Convivi com alguns amigos publicitários e em diálogos corriqueiros aprendi coisas sobre marketing. Sérgio parecia com eles.
- Por falar nisso, vocês encontraram Cauã? – Perguntei.
-Infelizmente não. Mas sei que ele está muito bem... Meu Cauãzinho andou utilizando o cartão de crédito para fazer algumas comprinhas hoje pela manhã, essa é a confirmação de que nada de mal ocorreu a ele. – Mantinha o sorriso no rosto. – À propósito, perdoe minha mulher pela ligação mal educada. Ela agiu sob forte emoção e não me consultou antes.
“Onde vamos parar com esse seu joguinho?” perguntei a mim mesmo.
- Johnny... Acredito muito que você é um rapaz brilhante, tem potencial para ganhar o mundo, ser bem sucedido. Por isso, hoje eu trouxe algumas propostas para você.
Sérgio abriu a maleta. Dentro dela havia alguns papéis e uma case de couro a qual abrigava um tablet. Ele ligou o aparelho.
-Vejamos bem... Está vendo esse imóvel?
Ele virou a tela para mim, com a imagem de um sobrado na cor mostarda.
- Esta é uma casa maravilhosa situada na Avenida John Boyd Dunlop. Como você sabe, esse é um dos locais mais movimentados da cidade. Com fácil acesso ao shopping Bandeiras, Hospital e Universidade PUC Campinas.
“O que esse louco está fazendo? Acabaram os clientes e ele está tentando vender os imóveis para mim?” Imaginei.
- Uma ótima aquisição minha, entretanto estou sem receber inquilinos há cinco meses lá. Então, estive pensando muito e cheguei a conclusão de que seria bom ter alguém que ocupasse o local. Você se interessaria?
-Não, obrigado, não tenho a pretensão de pagar aluguel no momento, sou feliz morando com meus pais.
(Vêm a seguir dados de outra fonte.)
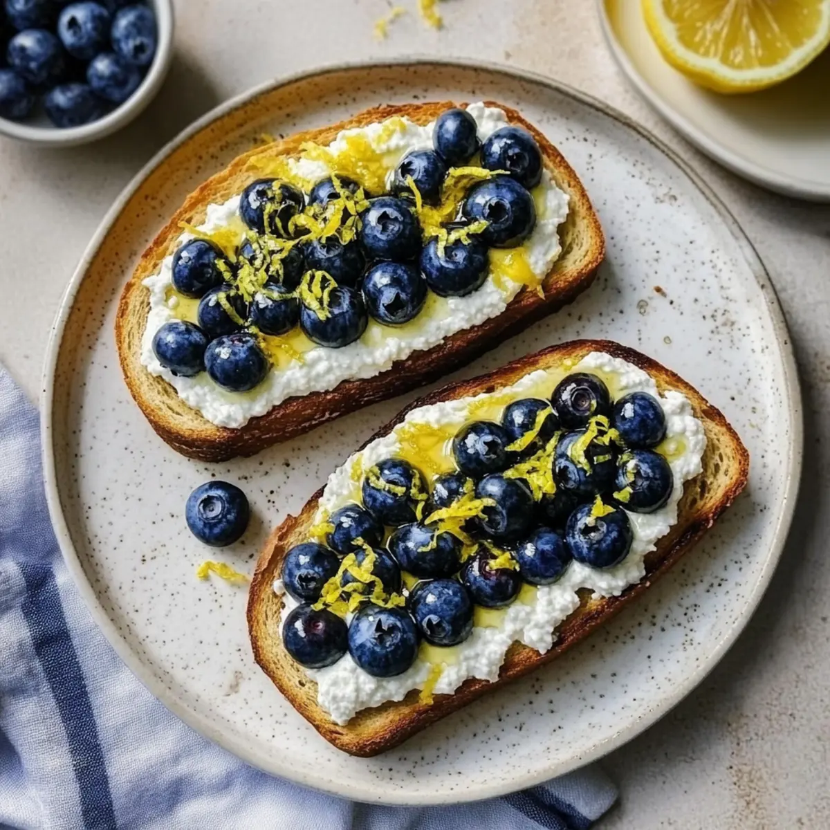 Adjust Toppings: Don’t hesitate to adjust the amount of ricotta or blueberries based on the size of your bread slices; personal preference makes each Lemon Blueberry Ricotta Toast unique.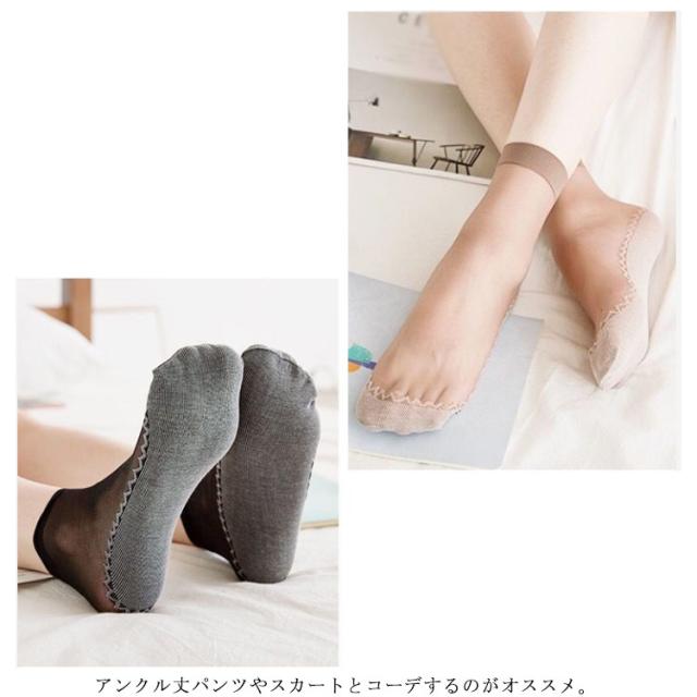 | サンダル・パンプスに相性抜群のシースルーソックス。 薄くて履き心地抜群! 落ち防止のゴムつき、便利さアップ! つま先や足裏は綿素材で、吸汗性・通気性よく、蒸れないから履き心地◎ アンクル丈パンツやスカートとコーデするのがオススメ。 | |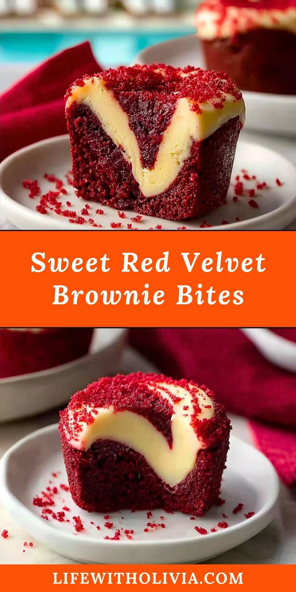 Keywords: red velvet, brownie bites, cheesecake swirl, easy dessert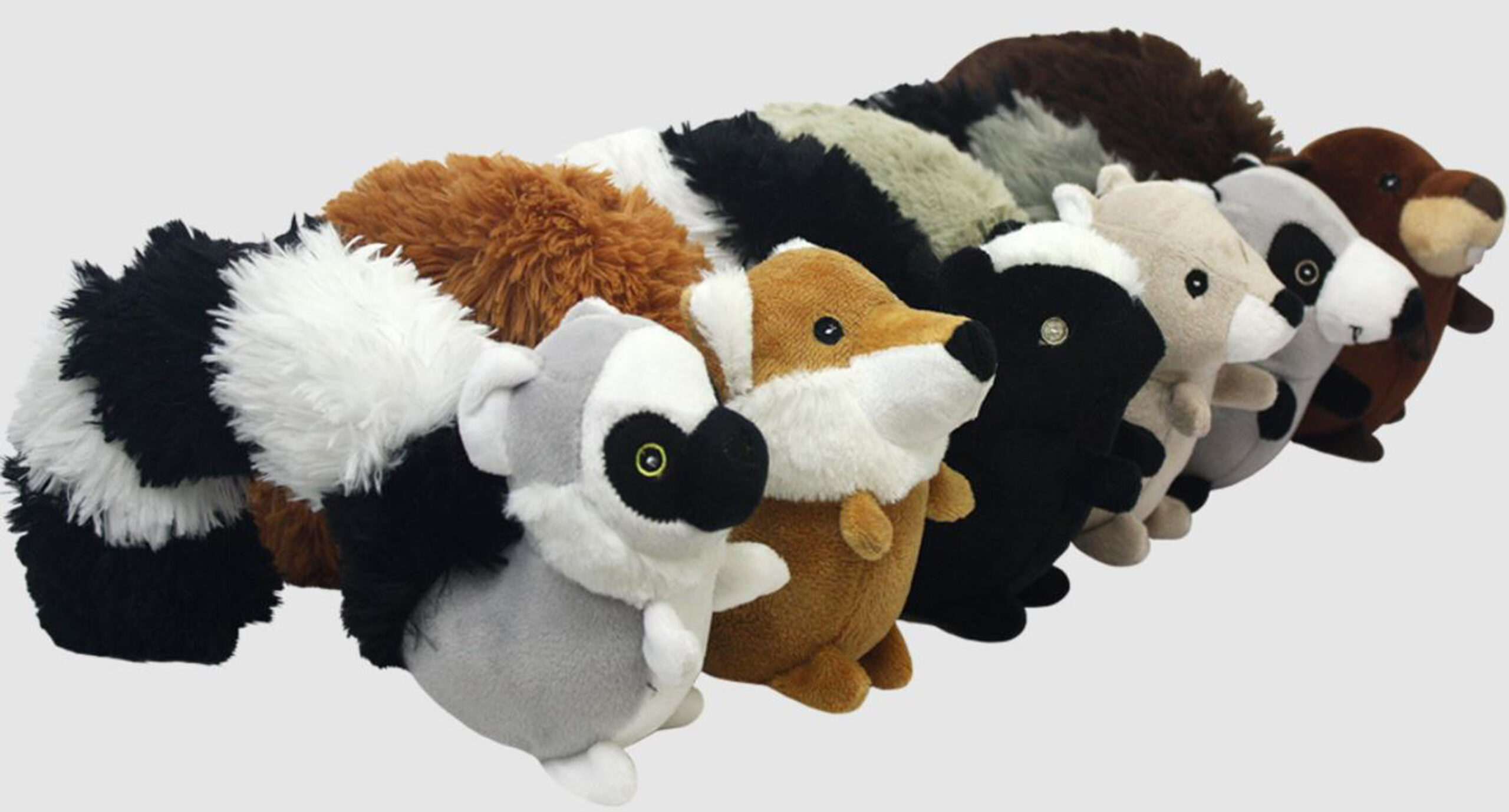 Cur-Tails are perfect for customers with dogs who love squeakable toys because the adorable curled tail is one giant squeaker! Whether tossing or cuddling, these would be any pups favorite go-to toy. This cute cast of characters include a lemur, fox, skunk, squirrel, raccoon and beaver.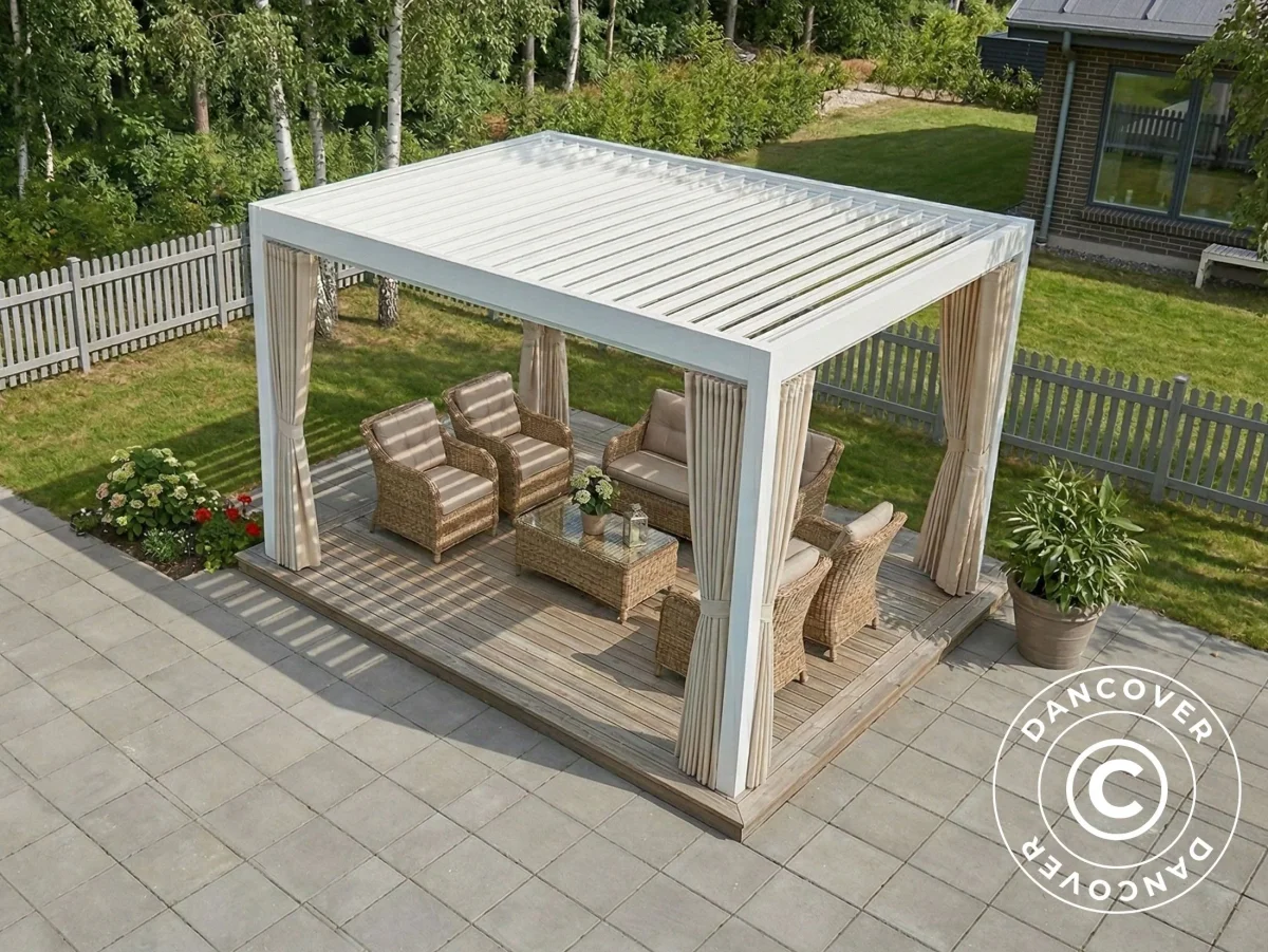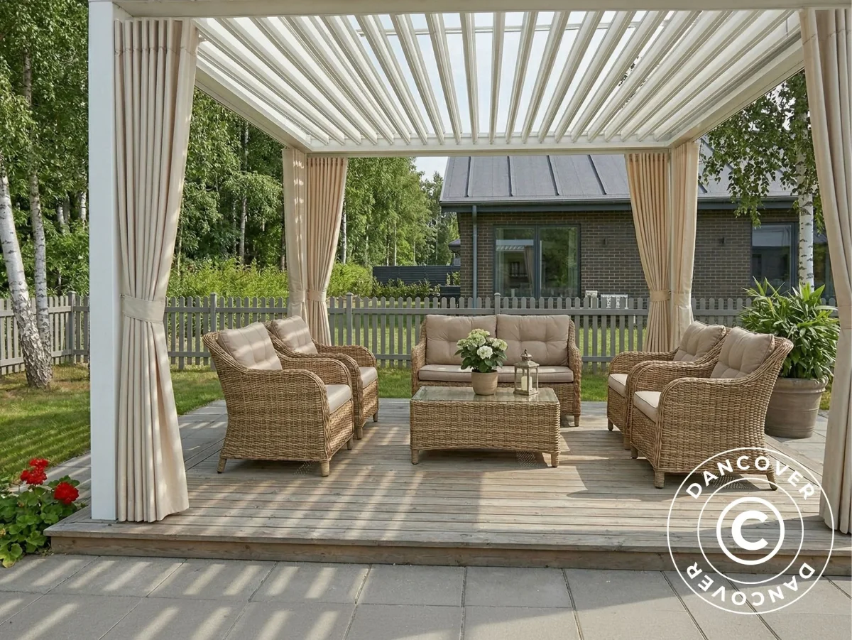 Den Garten zu genießen wird noch angenehmer, wenn Ihre Pergola Pavillon sowohl Komfort als auch Schutz bietet. Ein Garten-Pergola Pavillon mit Vorhängen und Moskitonetz schafft einen gemütlichen, geschützten Außenbereich, in dem Sie sich entspannen, essen oder Zeit mit Familie und Freunden verbringen können – ganz ohne Störungen. Mit den eleganten Vorhängen und dem feinen Moskitonetz genießen Sie Ihren Garten in Ruhe, frei von fliegenden Insekten und neugierigen Blicken aus der Umgebung.

- Não... Preocupe-se apenas com a mudança, poderá morar lá de graça.
- Veja bem, eu não estou entendendo aonde você quer chegar...
- Você não vai acreditar, mas tenho uma proposta maior ainda para te fazer. Bom, primeiro você fica por lá durante dois anos, como se fosse um inquilino meu, sem custo e com a casa todinha apenas para você. Depois, eu te dou o imóvel de presente, o que acha?
Franzi o cenho.
- Tá, mas onde está a pegadinha?
- Não é pegadinha e sim um presente. Eu não consegui pensar em uma maneira melhor de me retaliar pelo meu comportamento absurdo...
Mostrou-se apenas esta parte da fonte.